Gurpatwant Singh Pannun, who hold dual US and Canadian citizenship, is a New York-based activist of Khalistan movement – the struggle for independent homeland for Sikhs by separating Punjab from India.
The Wire reported that the proposed $3 billion purchase includes 15 Sea Guardian drones for the Indian Navy, while the Indian Air Force and Army are supposed to get eight Sky Guardian drones each. The report said that Washington has also held back smaller Indian acquisitions, including a proposal to buy six Boeing P-8I long-range maritime patrol aircraft. These are to supplement 12 P-8I Poseidon aircraft that the Indian Navy already operates.

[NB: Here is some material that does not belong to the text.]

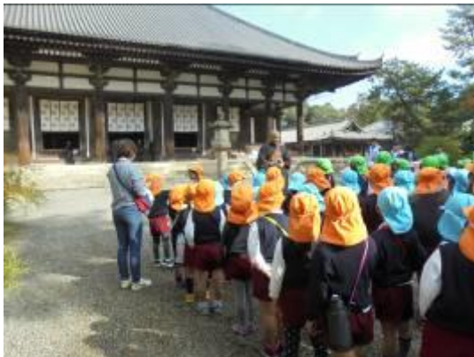
11月 園外保育 唐招提寺
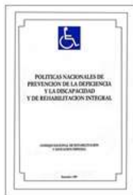
Figura No. 01. Portada de las Políticas Nacionales de Prevención de la Deficiencia y la Discapacidad y de Rehabilitación Integral, 1989.

Descripción: En la imagen aparece la portada original del documento, la cual data del año 1989. Dicha portada está compuesta por: El símbolo internacional de la accesibilidad que se utilizaba en esa época (persona en silla de ruedas), el título completo de las políticas y en la parte inferior, se puede leer: Consejo Nacional de Rehabilitación y Educación Especial, setiembre 1989.

Ironically, the Indian Ministry of Defence’s internal approval for the now-stalled drone procurement came in June 2023, a week before Prime Minister Narendra Modi’s state visit to Washington. This was also the time when the conspiracy to kill Pannun – set in motion by an Indian security official named CC1, according to a federal indictment made public last November – shifted to high gear.
Today, “the purchase is stuck in the US Congress because of anger over the brazen attempt to assassinate Pannun. US representatives have frozen the legislative movement needed for proceeding with the sale,” the Wire quoted a highly-placed source in Washington as having said.
Explaining the delay in delivering these lethal, long-range weapons to India, the Washington-based source says that Indian-American lawmakers in particular are deeply concerned about the fallout from the indictment of an Indian named Nikhil Gupta. He has been formally charged with conspiring to kill Pannun, and is currently in detention in the Czech Republic pending his deportation to the US.
The US federal prosecutors maintain that Gupta had promised $100,000 to an FBI agent posing as a hitman to kill Pannun in New York. Gupta was arrested in the Czech Republic on June 30 at America’s request. On November 29, the US federal prosecutors charged Gupta with murder-for-hire, which carries up to 10 years in prison; and conspiracy to commit murder-for-hire, which has a maximum sentence of a 10-year jail term.